De par leur articulation de diverses dimensions économique, sociale et politique qui les constituent, les entreprises sociales entrent dans un secteur intermédiaire : le tiers secteur. Pour les différencier des autres organisations de ce tiers secteur, il est à mentionner que les entreprises sociales d’insertion ont une combinaison spécifique de ces trois dimensions. En effet, elles relient des buts économiques, notamment par la production et la commercialisation de biens et services sur un marché, ainsi que des buts sociaux en engageant en leur sein des personnes en difficulté en vue de leur (ré)insertion, qui peuvent être parfois parties prenantes à leur prise de décision organisationnelle.

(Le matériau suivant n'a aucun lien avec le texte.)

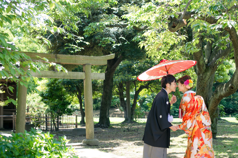 式場の庭園、神社の庭、日本庭園など、和装にピッタリなロケーションはたくさんあります。景色とともに、思い出を結婚写真に記録しましょう。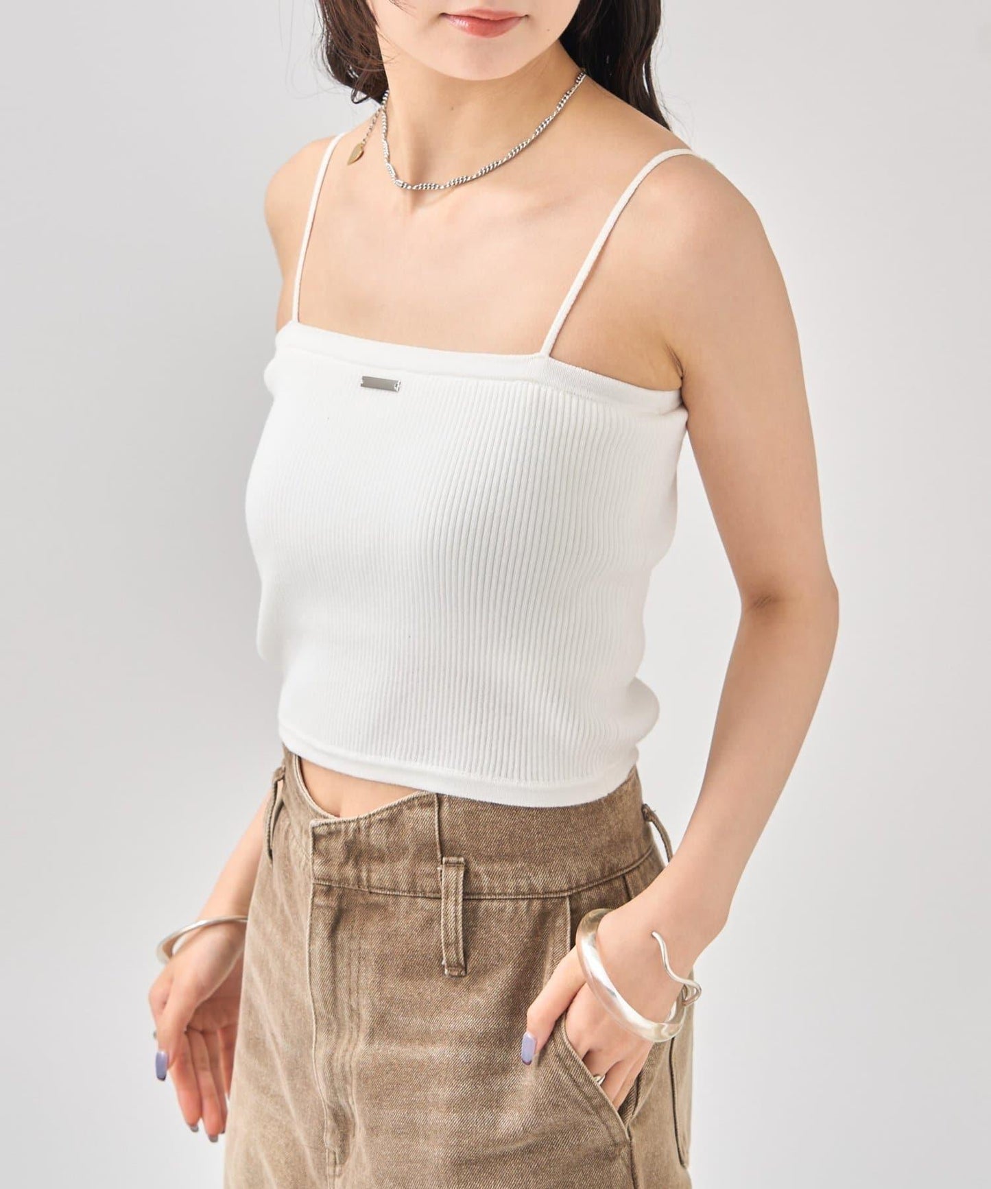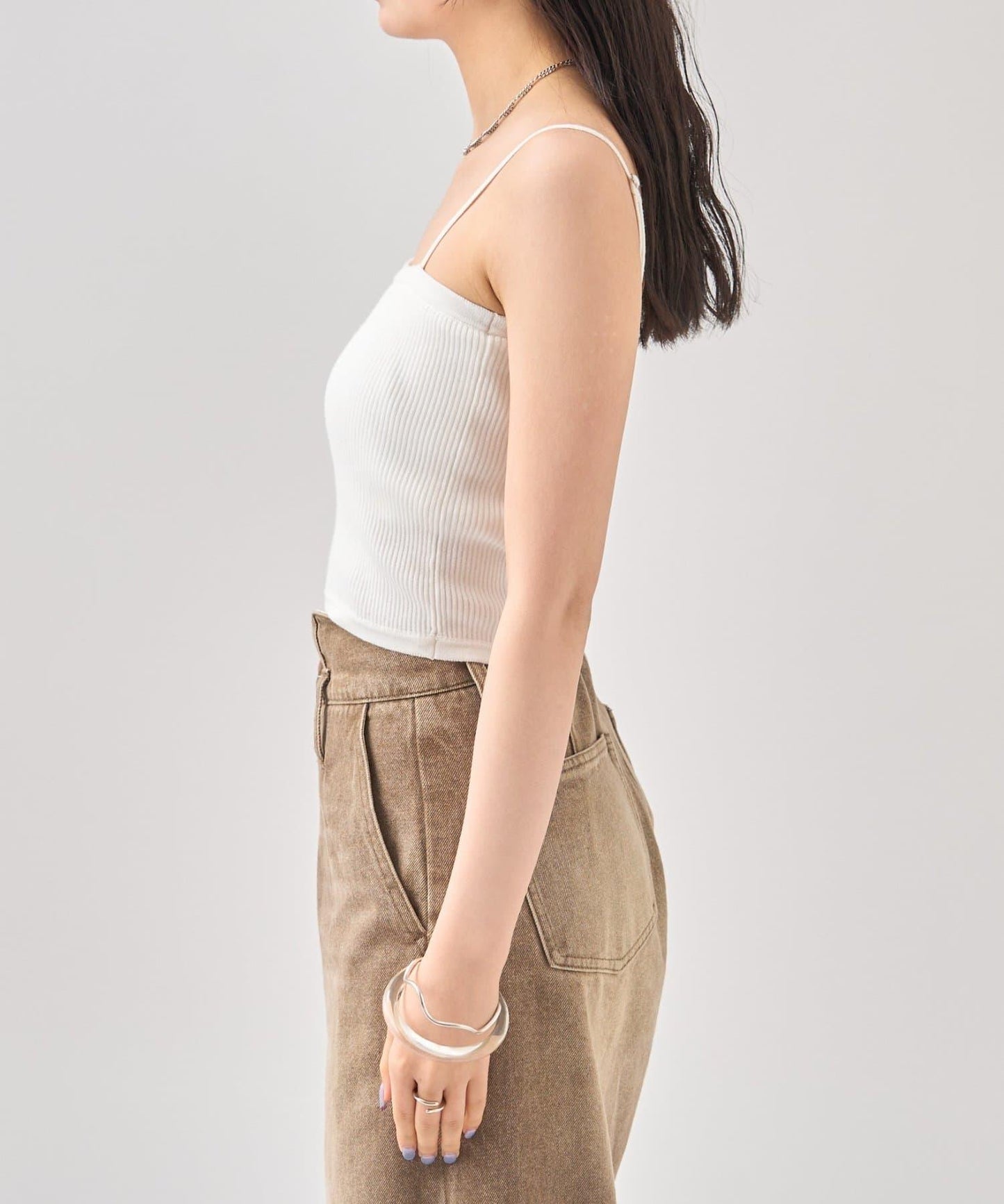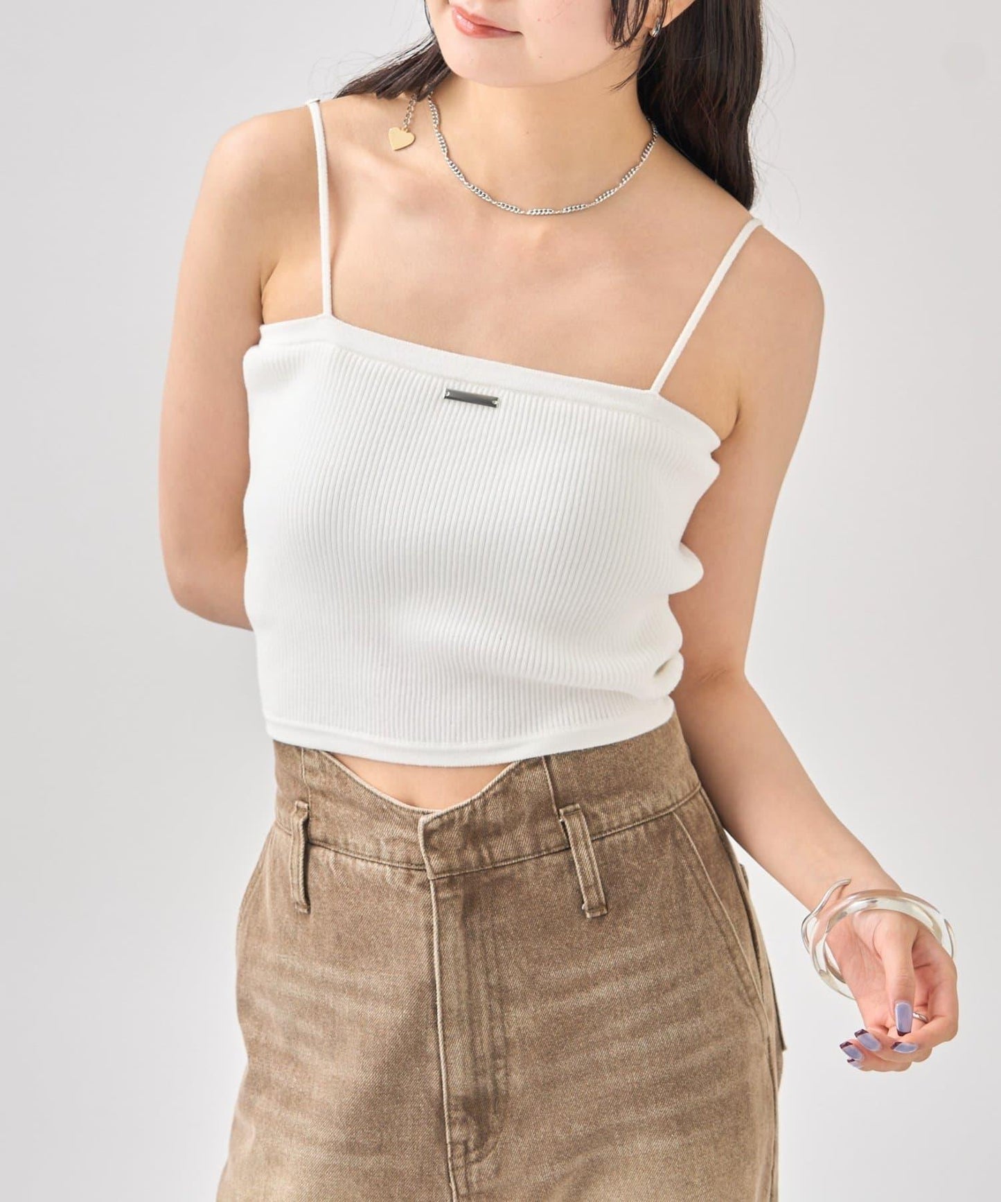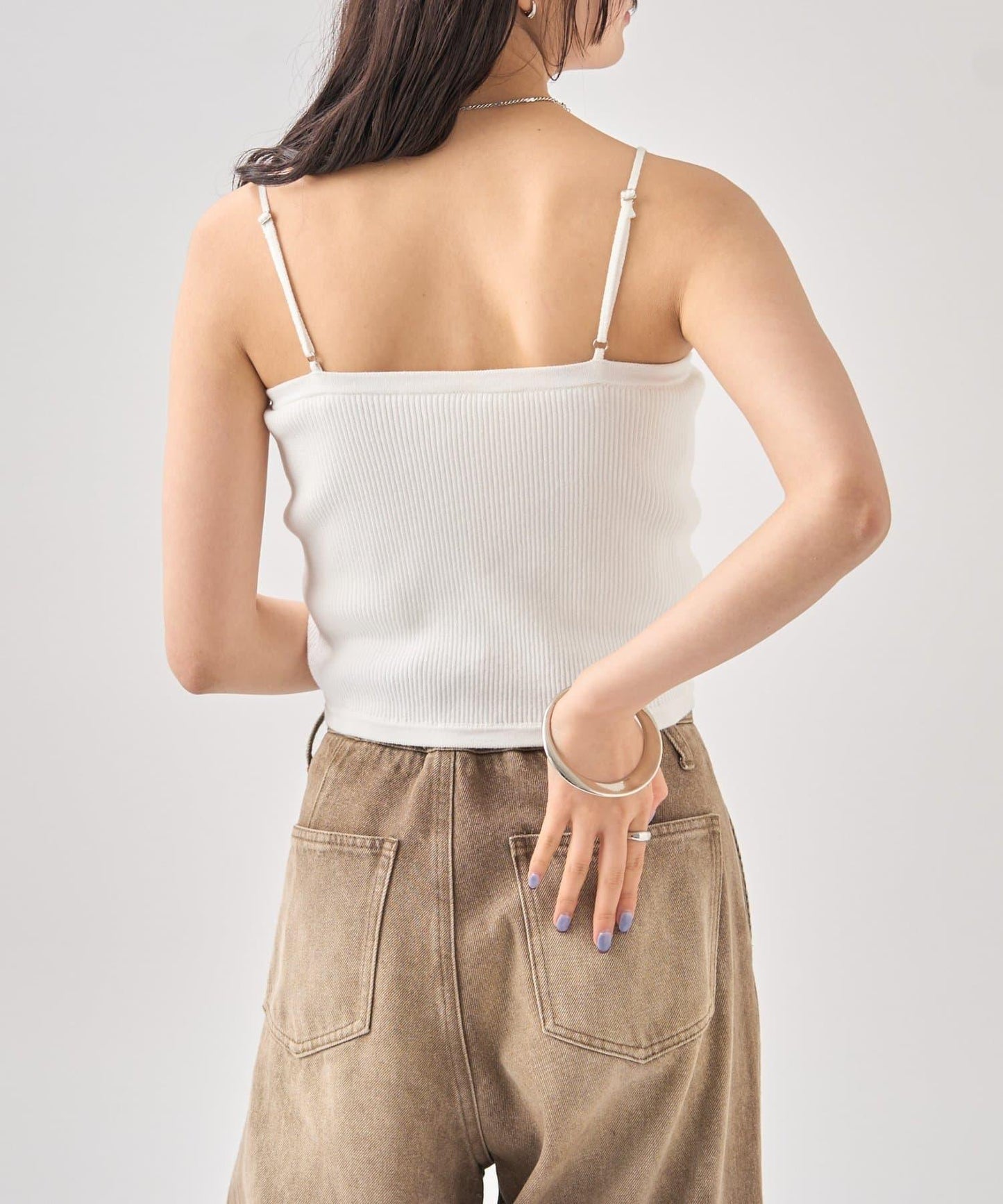 吊帶衫也適度地露出了肩部,因此是給人頸部乾淨印象的單品!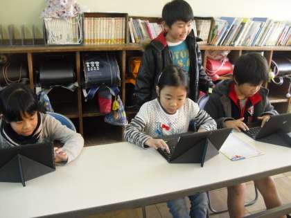 計算や漢字などのスキル学習のほか,調べ学習に使用する児童がふえてきています。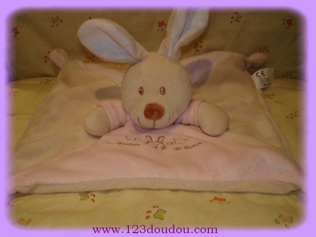 Doudou Lapin Plat Rose et Beige Un amour de Lapin Vétir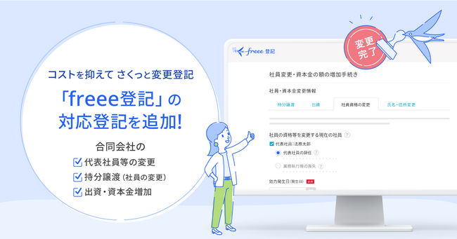 freee株式会社(本社:東京都品川区、CEO:佐々木大輔)は変更登記書類をオンラインで作成できる「freee登記」において、新たに合同会社の「代表社員等の変更」「持分譲渡(社員の変更)」「出資・資本金増加」の変更登記書類が作成可能になりました。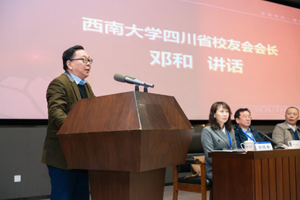 tyc522cc太阳成集团四川省员工会会长邓和讲话。他对公司员工理事会换届暨tyc522cc太阳成集团MBA员工会成立表示热烈祝贺。他指出,员工会作为连接员工情感的桥梁与纽带,其成立旨在促进员工之间的团结协作与相互链接,员工会应凝聚情义,交流信息,共享资源,抱团共赢,回报员工,反哺母校,奉献社会,这不仅是员工会的宗旨与使命,更是每一位员工的责任与担当。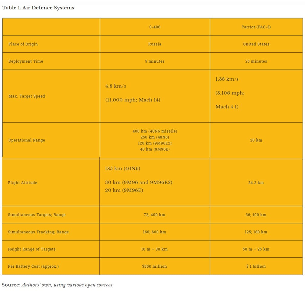 From the Indian Air Force perspective, there is no alternative system capable of serving its long-range air defence requirements, from the standpoint of either capability or cost. The ability of the S-400 to constrain the adversary’s air operations even within their own airspace, is unmatched by typical Western systems offered up as analogues. While the S-400 is optimised primarily for long-range prosecution of high-value aircraft targets with a secondary missile defence capability, Western systems like the MIM-104 Patriot are primarily oriented toward missile defence with less focus on the pure anti-aircraft role. The S-400 compares favourably on the cost front as well, with typical configurations costing around half of their western equivalents—it is an important consideration as the Indian Air Force struggles to spread limited modernisation funding across a multitude of operational imperatives, including air defence, manned tactical aircraft, force multipliers, and utility aircraft.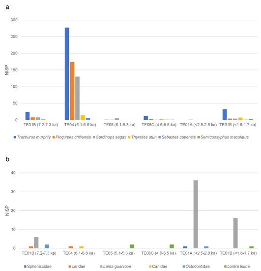 - Rebolledo, S.; Béarez, P.; Salazar, D.; Fuentes, F. Maritime fishing during the Middle Holocene in the hyperarid coast of the Atacama Desert. Quat. Int. 2016, 391, 3–11. [Google Scholar] [CrossRef]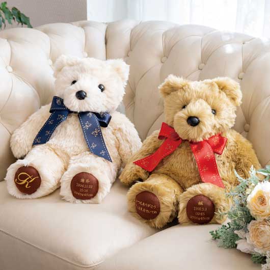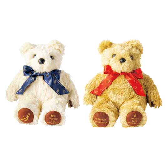 両足刺繍入りベア1体、右足 イニシャルもしくは定型文が入ります。左足 漢字の名 前・生年月日(西暦)・出生時間(24時間表記)・出生体重・出生身長(小数点第一位ま で )が 入 りま す 。 ※ウェイトベアの再現体重は4,000gまでとなります。(それ以上の場合はご相談ください。)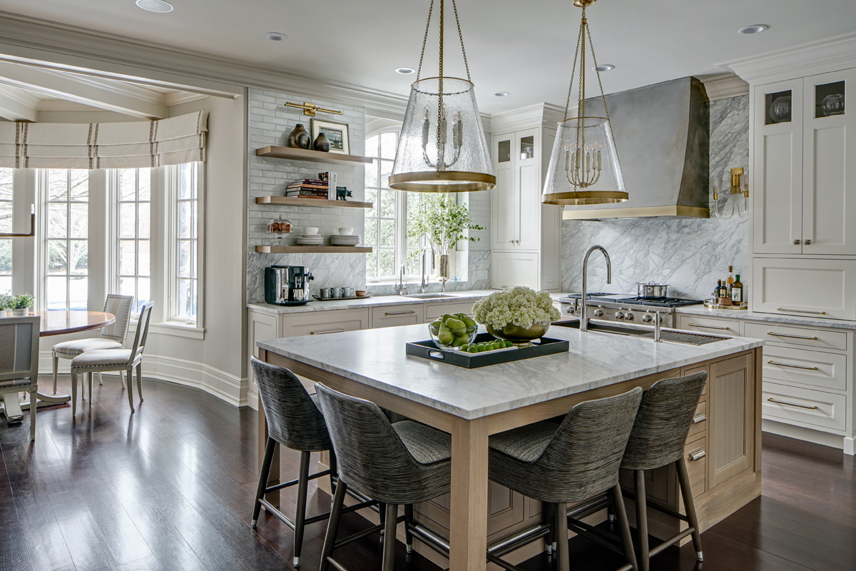 Empty nest homeowners decided to build their dream kitchen, replacing their outdated, traditional style space with one that would satisfy their passion for cooking, entertaining and hosting holiday gatherings. Burton met the couple’s desire for an elegant, timeless kitchen with a show-stopping design that was not only functional for daily routines but for special occasions with friends and family.

Cette combinaison en fait des acteurs qui ont un rôle complémentaire à l’État et au marché dans la prise en charge des problèmes sociaux. En allant dans le sens de Evers (1990, 2001), cette place particulière occupée par les entreprises sociales leur permet de fonctionner en tant que trait d’union entre diverses logiques de fonctionnement, et par conséquent, entre des sensibilités différentes. Ainsi, les entreprises sociales d’insertion devraient être reconnues comme partenaire égal au marché et à l’État, tant au niveau de leur participation à des prestations dans le domaine de l’insertion, qu’au niveau de leur intégration à la prise de décision concernant les politiques publiques les concernant131.